Streptococcus pneumoniae, an inhabitant of the upper respiratory mucosa, causes respiratory and invasive infections as well as conjunctivitis. Strains that lack the capsule, a main virulence factor and the target of current vaccines, are often isolated from conjunctivitis cases. Here we perform a comparative genomic analysis of 271 strains of conjunctivitis-causing S. pneumoniae from 72 postal codes in the United States. We find that the vast majority of conjunctivitis strains are members of a distinct cluster of closely related unencapsulated strains. These strains possess divergent forms of pneumococcal virulence factors (such as CbpA and neuraminidases) that are not shared with other unencapsulated nasopharyngeal S. pneumoniae. They also possess putative adhesins that have not been described in encapsulated pneumococci. These findings suggest that the unencapsulated strains capable of causing conjunctivitis utilize a pathogenesis strategy substantially different from that described for S. pneumoniae at other infection sites.

Genomic analyses of pneumococci from children with sickle cell disease expose host-specific bacterial adaptations and deficits in current interventions.

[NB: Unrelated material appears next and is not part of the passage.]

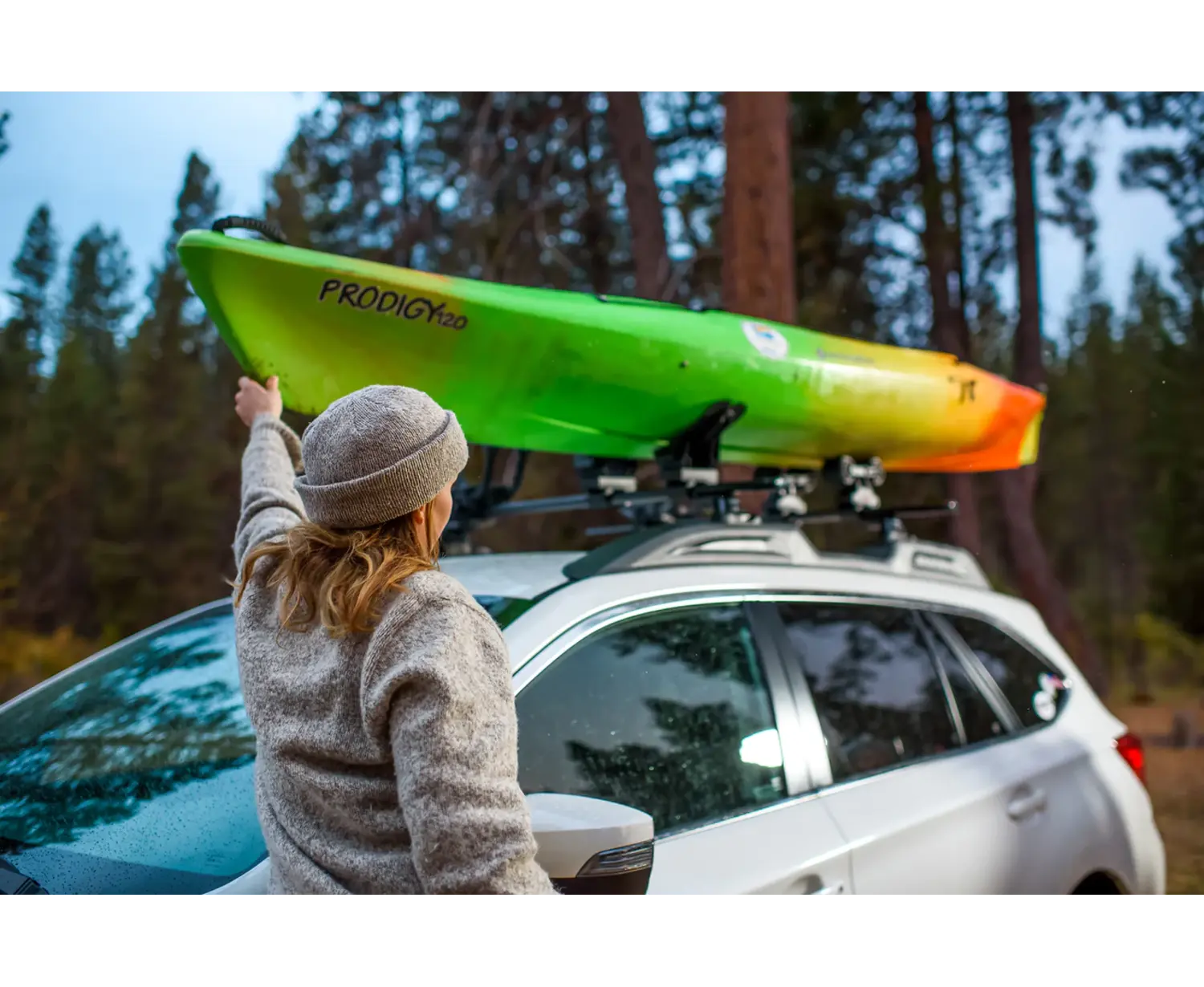 Sold in pairs, it partners awesomely with the new HandRoll rollers or another pair of saddles for a custom set-up. Tool free installation makes it a breeze to attach, SKS Lock Core capability lets you lock your DeckHand to your roof rack for added security, and the universal mount fits just about any roof rack.

Sickle cell disease (SCD) patients are at high risk of contracting pneumococcal infection. To address this risk, they receive pneumococcal vaccines, and antibiotic prophylaxis and treatment. To assess the impact of SCD and these interventions on pneumococcal genetic architecture, we examined the genomes of more than 300 pneumococcal isolates from SCD patients over 20 years. Modern SCD strains retained invasive capacity but shifted away from the serotypes used in vaccines. These strains had specific genetic changes related to antibiotic resistance, capsule biosynthesis, metabolism, and metal transport. A murine SCD model coupled with Tn-seq mutagenesis identified 60 noncapsular pneumococcal genes under differential selective pressure in SCD, which correlated with aspects of SCD pathophysiology. Further, virulence determinants in the SCD context were distinct from the general population, and protective capacity of potential antigens was lost over time in SCD. This highlights the importance of understanding bacterial pathogenesis in the context of high-risk individuals.